In an adjacent atrium, nearly as magnificent, Cluss lined the walls with tier upon tier of cast-iron balconies to hold patent models. This space, choked by partitioning in recent decades, has now been liberated again, and the balconies have been reclaimed to house the collections of the new Luce Foundation Center for American Art.
Cluss finished his work in 1885—and, unlike Mills, seems to have departed in good humor. He might have been less complacent, however, had he foreseen what lay in store for his handiwork. By the turn of the 20th century, the Patent Office Building—which now also housed the Department of the Interior—was seriously overcrowded, its grand spaces chopped up into offices. After 1932, when the U.S. Civil Service Commission took it over, fluorescent bulbs replaced the skylights, linoleum was laid over Mills' marble floors, and Cluss' magnificent walls were painted institutional green. A few years later, a street-widening project lopped off the monumental staircase from the south facade—leaving Mills' Parthenon looking, in the words of a critic, "like the end of a giant sliced sausage."
The final insult came in 1953. That year, Congress introduced legislation to demolish the whole Patent Office Building and, in the words of Marc Pachter, "replace it with that great monument of the American 1950s: a parking lot."

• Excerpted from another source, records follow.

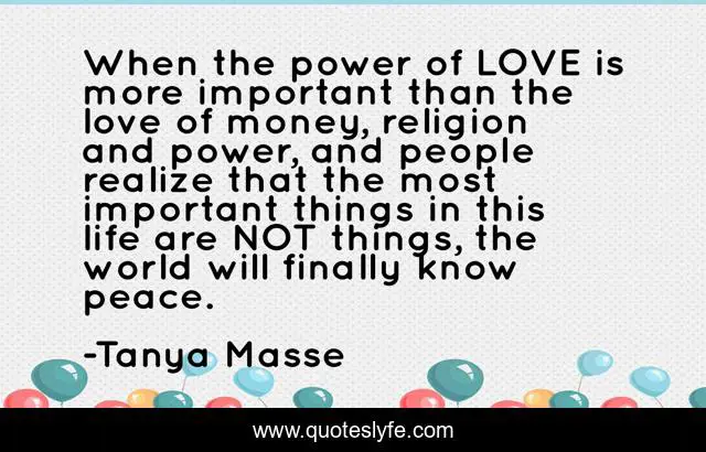 This page presents the quote "When the power of LOVE is more important than the love of money, religion and power, and people realize that the most important things in this life are NOT things, the world will finally know peace.". Author of this quote is Tanya Masse. This quote is about life, love, peace, happiness, remembrance, veterans, affection,.
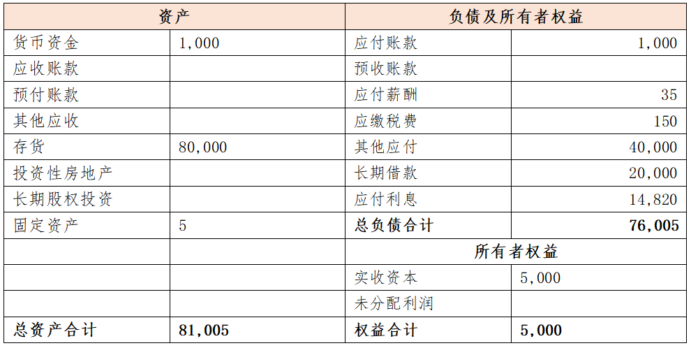 案例背景:某項目公司下有100畝住宅用地,開發商拿地后未開發,欲轉讓項目公司100%股權,土地轉讓報價為1000萬/畝,對方提供項目公司最近一次資產負債表如下表所示:
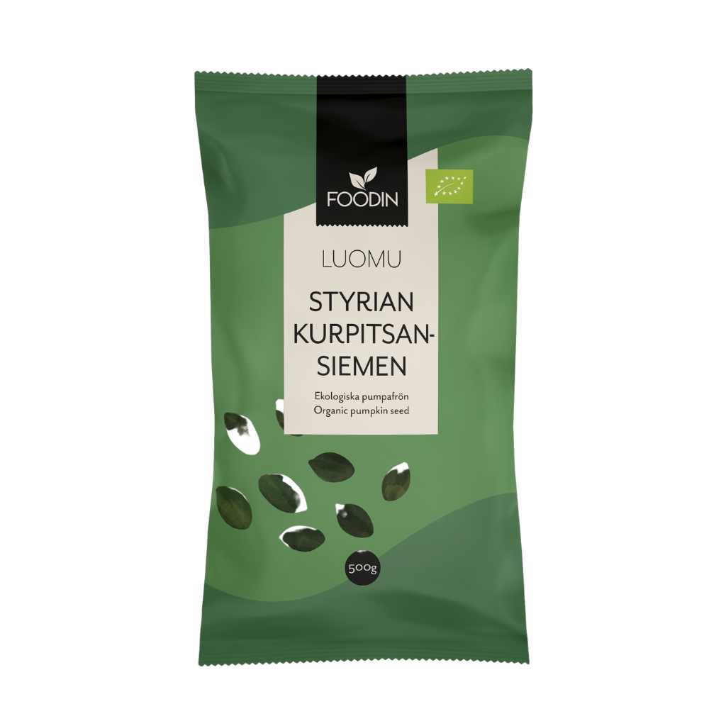 Arvostettu Styrian-lajikkeen kurpitsansiemen on tunnettu herkullisesta, voimakkaasta maustaan, suuresta koostaan ja tummasta väristään. Foodinin kurpitsansiemenet kasvatetaan Itävallassa uusiutuvaa vesienergiaa hyödyntäen, ja ne ovat hyvä rasvahappojen lähde osana monipuolista ja tasapainoista ruokavaliota.

Luckily—as with the 1877 fire—quick-thinking rescuers saved the day. The nascent historic-preservation movement took up the cause of the much-abused edifice, and President Eisenhower was persuaded to intervene. Congress transferred the building to the Smithsonian. In 1968, the Portrait Gallery and the American Art Museum opened their doors in the newly remodeled Patent Office Building.
When the two museums closed for renovations in January 2000, they were expected to reopen in about three years. It turns out to have taken twice that long, but this delay—occasioned by the project's unforeseen complexity—proved a blessing. "I've come to believe that a lot of what's most spectacular and transformational has probably only occurred because we had more time to think," says SAAM's Elizabeth Broun. "I don’t think any of us fully appreciated the building before; its extraordinary character had been obscured under decades of well-intentioned additions and accretions. But then we had a moment of realization that we could liberate this building and let it resume the life that it had in the 19th century."
Prior to the renovations, both museums—installed not long after the damaging effects of the sun on artwork began to be fully understood—were deliberately kept dark, with many of the original windows closed off. Now, new glass that blocks harmful ultraviolet rays allows the daylight to pour in as Mills intended. "So 21st-century technology makes the 19th century more present," says Pachter.
The work has cost more than 100 times the Patent Office Building's original construction price of $2.3 million. The federal government has provided $166 million, while the rest has come from private donations. Much of the expenditure—on such things as a new heating, ventilation, and air-conditioning system—will be invisible to visitors.
Perhaps the most dramatically visible elements of the whole construction project are yet to be seen. Plans are afoot to restore a version of Mills' demolished south facade staircase. And in the courtyard of the Patent Office Building, work is under way on an immense glass-and-steel canopy, designed by the renowned British architect Sir Norman Foster, which, when completed in 2007, will span the space in a single shimmering billow. It will be a gesture of vaulting ambition—both technical and aesthetic—that Robert Mills himself might well have admired. "We felt it wasn't betraying the building at all, but would bring in our own century's exuberance," Pachter says.
Adam Goodheart who last wrote about John Paul Jones for Smithsonian, is the C.V. Starr Scholar at Washington College.